タケシは銃声のあった方向に顔を向ける。そこにはポンチョコートにハット姿のポリス兵の姿があった。ハットに隠れ顔が見えない。タケシは先程のでかい兵かと思ったが、別人なのに逆に驚いていた。タケシについて来た、早坂がそのポリス兵に向かって慌てて銃を向けた瞬間だった。再び銃声が聞こえた。早坂はは肩口を撃たれ後ろに飛んでしまう。
「あらら、すまんな。今日は調子が悪い・・・」
「ロク・・・?」
「ロク?」直美と関根はすぐロクだと気づいた。
ロクは、ハットを上げてタケシを睨み付ける。
「誰だ、今度は?」とタケシ。
ロクはタケシに向かって銃口を向けた。
「ストラトスのタケシか?」
「・・・だとしたら?」即答しないで間を空けて答えるタケシ。
「なら、何度も荒野で逢ってるぜ!」
「き、貴様・・・雷獣か・・・?」余裕のロクに対して顔色が変わるタケシ。更に動揺したのかタケシの声は裏返った。
「お前が・・・あの雷獣なのか?」
「さあな・・・」
「ん?どこかで一度見たツラだな?」
「ああ、一度な。P4のお前らの司令室・・・あの時の、小火覚えてるか?少女兵が消えたのを?」
「あの時のガキか?下手な猿芝居打ちやがるな!」
「覚えてたか?その猿芝居に騙される方もどうかと・・・?」
「で?・・・何モンだお前は!?」
「俺かい?俺が四天王・・・P6の四天王のロクだ!」
「し、四天王・・・!?」と直美。
「四天王だと?ふはははっ!やっと逢えたな?」
「何だと!?」
「ふっ・・・」
すると、タケシは隠し持っていたサバイバルナイフを取り出し、直美の後ろに回り込んだ。
「なに!」驚くロク。
「直美!」と関根。
タケシは左手で直美の首を絞め、右手で直美の顔にナイフを突きつけた。
「くっ・・・」
「直美・・・」
「雷獣!銃を捨てろ!さもなくばこの女を殺す!」
「野郎・・・」
桑田は薄暗い廊下を一人歩いていた。やはり後ろには黒い影が桑田をゆっくりと後をつけていた。その影はジプシャンの使う拳銃を桑田に向けていた。桑田はそれに気づく事なく前を向いて歩いて行く。

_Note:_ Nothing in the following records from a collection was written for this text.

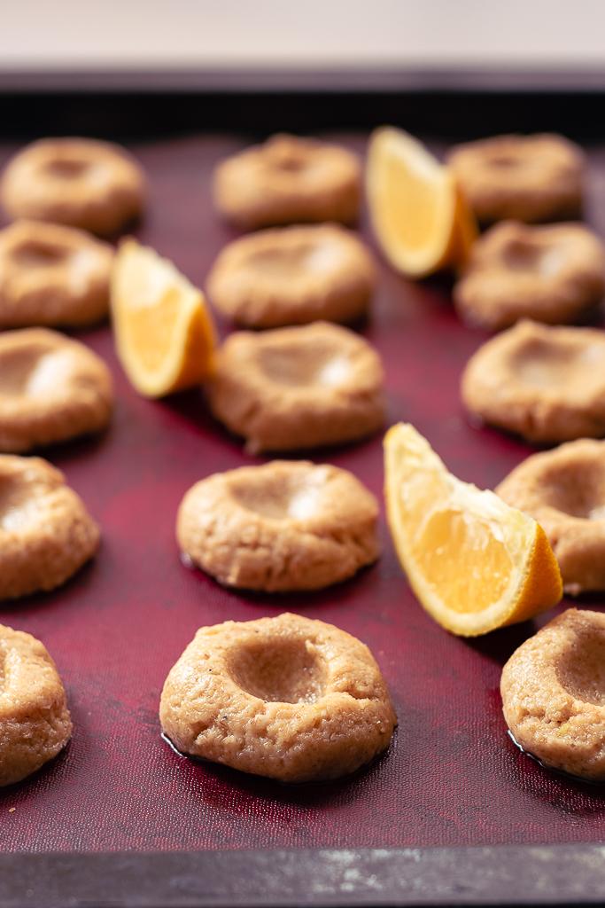 Una vez colocadas todas las bolitas de pasta sobre la bandeja; con una cucharita o algún objeto redondo; hundir el centro de la galleta para que se expanda la masa y se cree una concavidad en el centro. En esta concavidad pueden añadir algún fruto seco como almendras, merey o anacardo, o un trozo de dátil. Esto último es opcional.
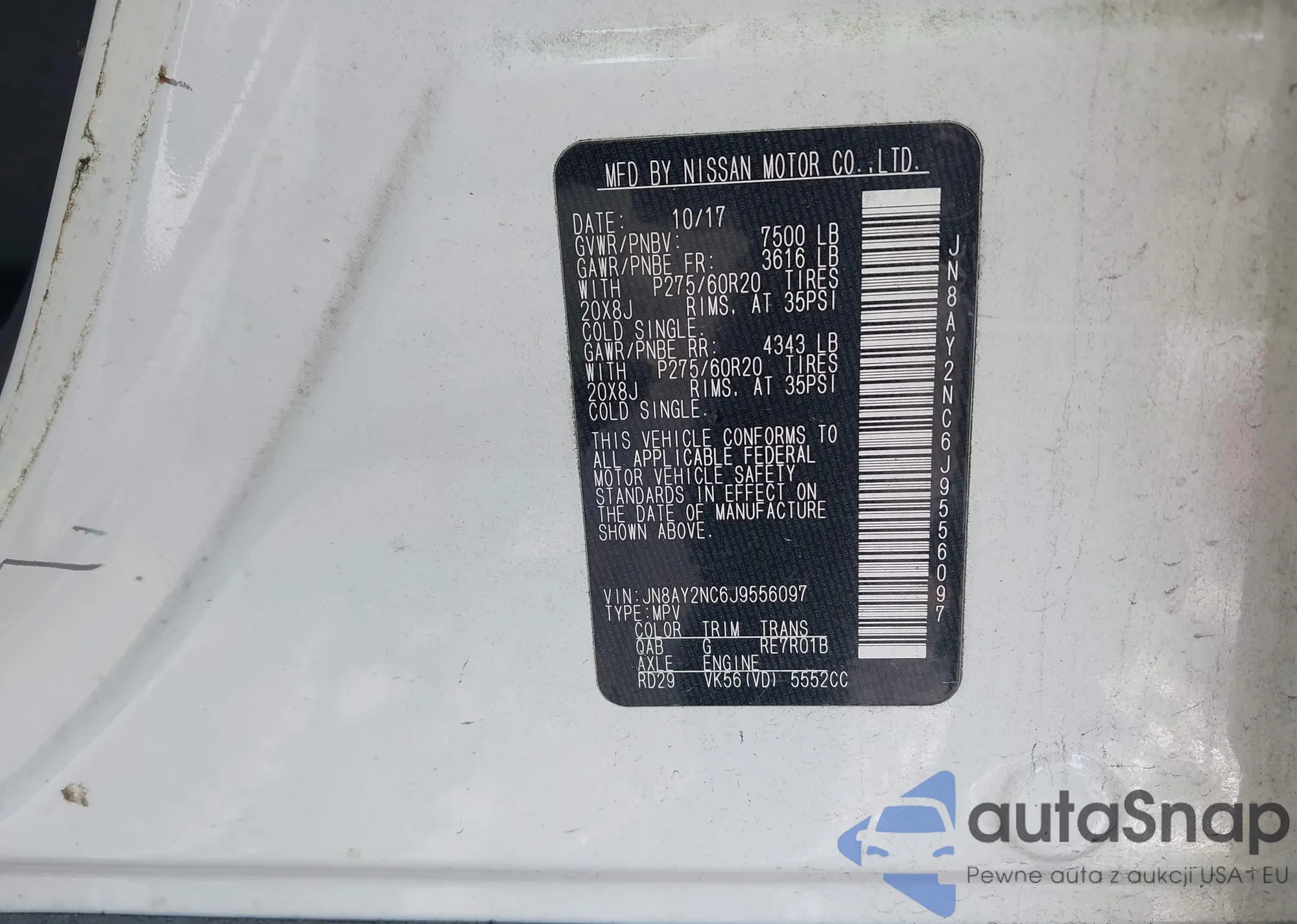 • VIN JN8AF5MR7CT110320
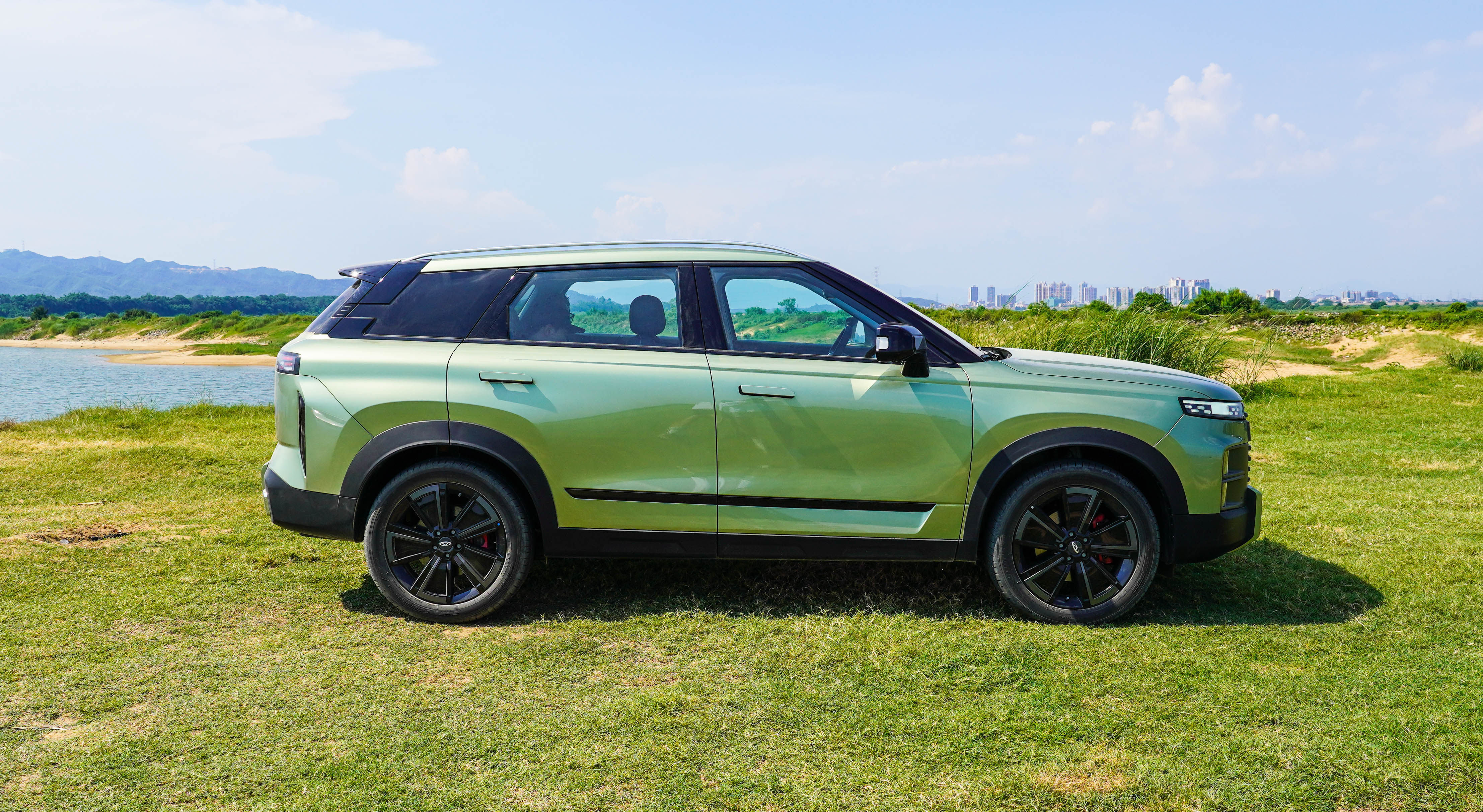 车身侧面,探索06继续延续前脸旷野极简的线条,以隐藏式门把手、加上悬浮式车顶以及平直的设计元素,让其与前脸有着较大反差,甚至一点不像一款硬派越野车型。
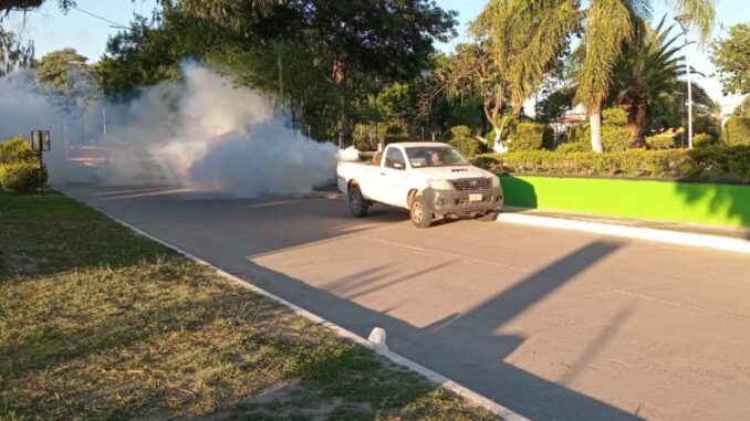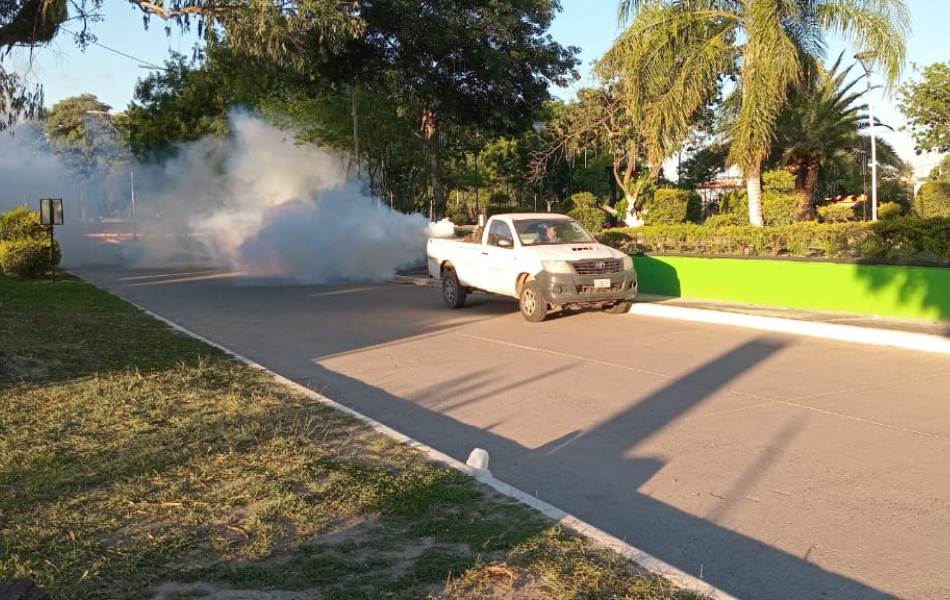 Las acciones incluyen fumigación con moto-mochila, termo niebla pesada y espacial, además de la entrega de repelentes a los transeúntes.
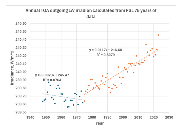 The assumptions of 1 meter surface thickness for both ocean and land and fit to the Dubal 2006 data point resulted in a reasonable 68% area where SST data average data for ocean was taken, land was set at the same 68%. The 75 year plot of the calculated LW outgoing irradiance shows a detectable increase in irradiance after about 1975 and a flat trend from 1948 to 1975, see Figure 2.
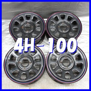 □送料無料 A2■ ブラックスチール ■ 14×5J+42 ■ 4H PCD100 ■ 中古ホイール 4本 ※レッド&ブルーラインあり 2ピース/ディ
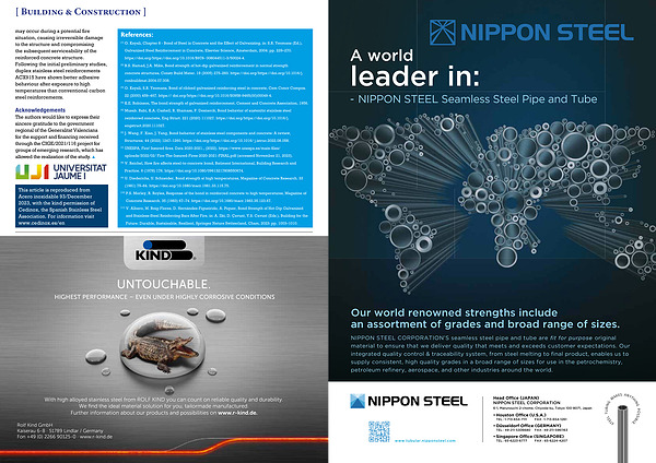 may occur during a potential fire situation , causing irreversible damage to the structure and compromising the subsequent serviceability of the reinforced concrete structure . Following the initial preliminary studies , duplex stainless steel reinforcements ACX915 have shown better adhesive behaviour after exposure to high temperatures than conventional carbon steel reinforcements .
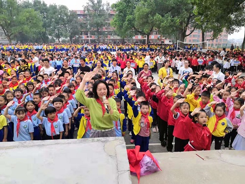 清风网邵阳讯(通讯员:夏万里 胡远梅) 为弘扬爱国主义和民族团结精神,构建和谐校园,丰富校园文化生活,10月11日上午,武冈市法相岩小学3000多名师生在学校大操场举行了隆重的“十.一三”庆祝活动,嘹亮的歌声中传递出孩子们对祖国的热爱。
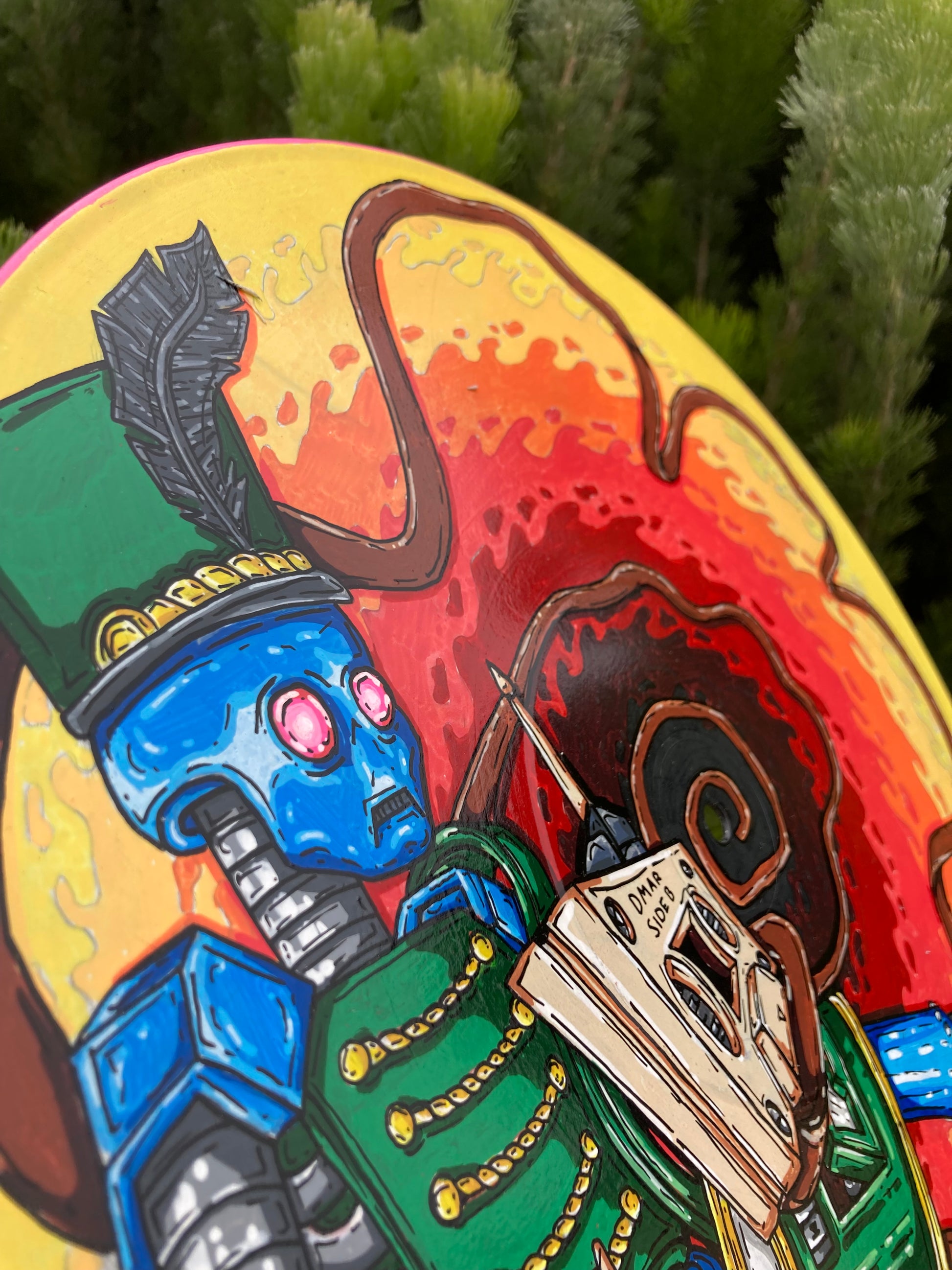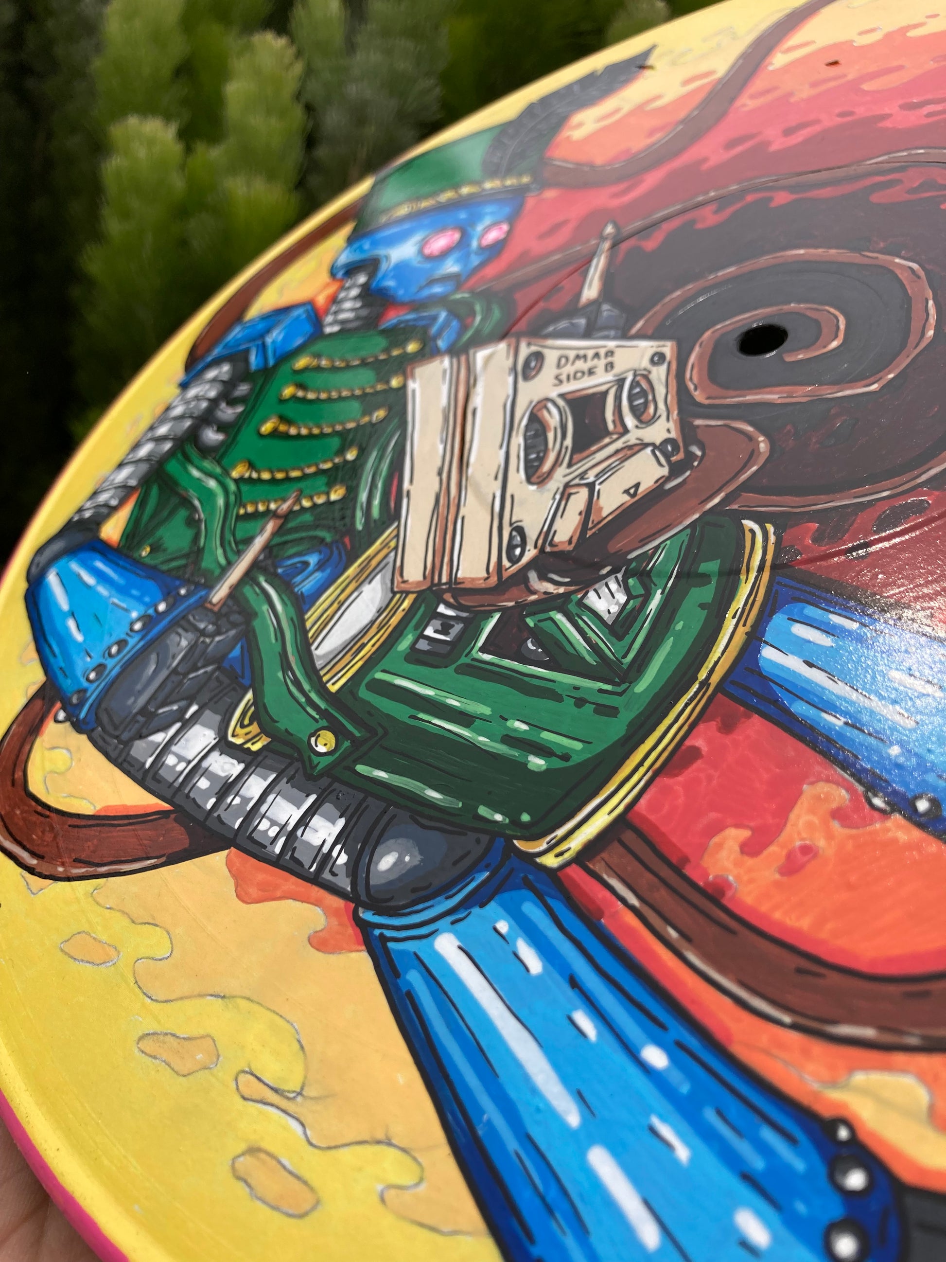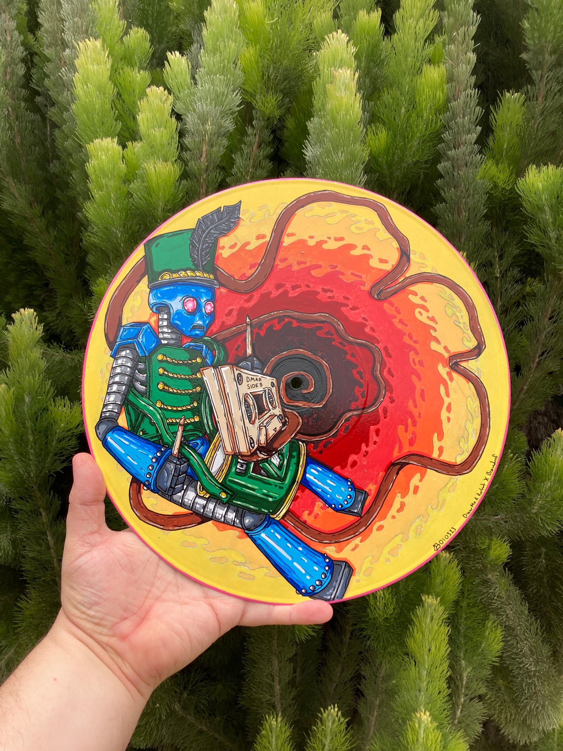 Artwork Description: 12” record depicting a marching band / drumming robot, along with a swirling cassette tape ribbon
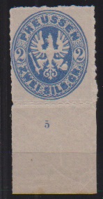 2 Sgr. graublau, postfrisches Kabinett-Unterrandstück mit Rz. "5"
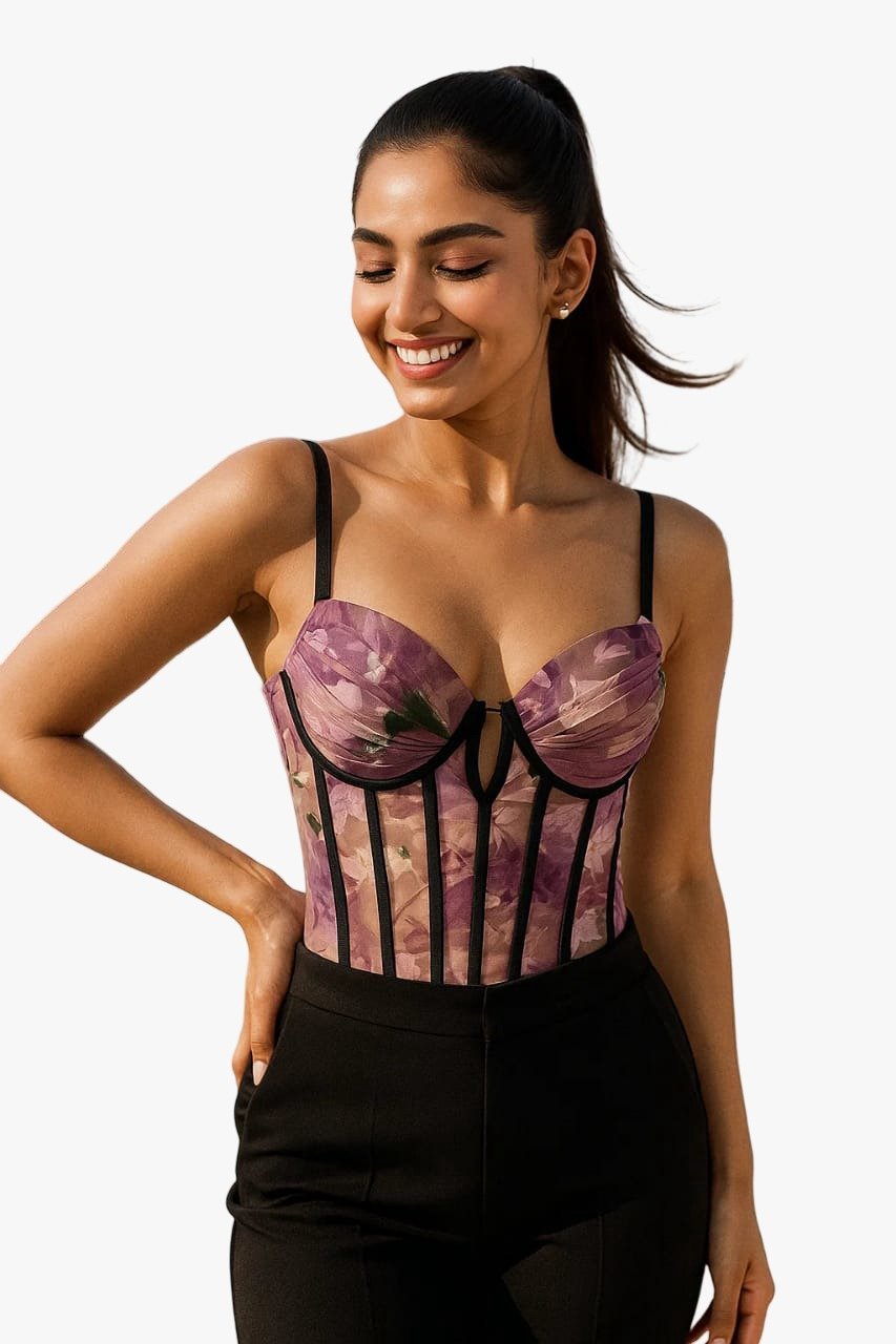 Step into romantic style with the ‘Lavender Bloom Mesh Bustier Top.’ This structured corset-style top features delicate spaghetti straps and a flattering, supportive underwire design. It is crafted from a sheer mesh overlay showcasing a lovely blurred floral print in lavender and deep mauve tones. The top is finished with contrasting black binding along the boning and edges, offering a bold yet feminine look perfect for pairing with tailored trousers or high-waist skirts.
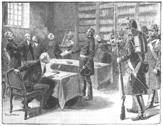 Gambetta fell from power as suddenly as he had risen to it. He appealed to the nation to use the interval for the collection of new forces, and caused the Delegation of the Government at Bordeaux to publish an electoral decree on the 31st of January, excluding from the possibility of being elected to the Assembly all persons who had stood in any official relation to the Second Empire. Against this outrageous decree Count Bismarck could not refrain from protesting, and fortunately he could appeal to the phrase in the article of the capitulation bearing on the question, which spoke of a "freely elected" National Assembly. It was a critical moment, for had M. Gambetta found a large body of Frenchmen unwise enough to back him in this course, great delays must inevitably have arisen, the legality and plenary authority of the Assembly might have been disputed, and perhaps the Germans might have been called in, or might themselves have stepped in, to arbitrate in a question of French internal politics. This consummation was happily avoided. The Government at Paris undertook to cancel the decree of the Delegation, and sent one of their number, Jules Simon, to Bordeaux, with instructions to publish and enforce their decision. Gambetta, finding his proceedings disavowed, resigned office on the 6th of February. In his stead Thiers was chosen to be Chief of the Executive. He appointed a Ministry, persuaded the Assembly to postpone all discussion as to the future Government of France, and proceeded to Versailles to agree with Count Bismarck upon the terms of peace.
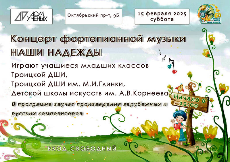 Концерт юных пианистов «НАШИ НАДЕЖДЫ»31 Янв, 2025 в События Концерт юных пианистов «НАШИ НАДЕЖДЫ» Приходите поддержать наших маленьких музыкантов.
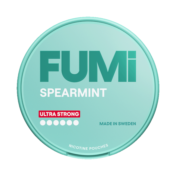 FUMi Spearmint Ultra Strong är nikotinpåsar med mintsmak i slim-format. Smaken anges tidigt och har en tydlig mint karaktär. Produkten är tobaksfri och tillverkas av Helix Sweden under varumärket FUMi. Portionerna levereras i slim-format med smal utformning för placering under läppen. Varje dosa innehåller 20 nikotinpåsar. Nikotinhalten är 15 mg per prilla och 21,4 mg nikotin per gram. Produkten är klassificerad som ultra stark baserat på nikotininnehållet per prilla. FUMi Spearmint Ultra Strong ingår i FUMis sortiment av tobaksfria nikotinpåsar och är framtagen utan användning av tobaksblad.

その時だった。一発の銃声が聞こえた。その銃声は狭い廊下に響き渡った。しかし、桑田の耳にはそれは聞こえなかった。桑田は今まで感じたことがない痛みを感じていた。周りの風景だけがスローモーションで流れ、気が付いた桑田の目に映っていたのは廊下の床の部分だった。
『う・・・撃たれた・・・のか?』
床には大量の血が流れ出した。桑田は、倒れて初めて自分が撃たれたのに気が付いた。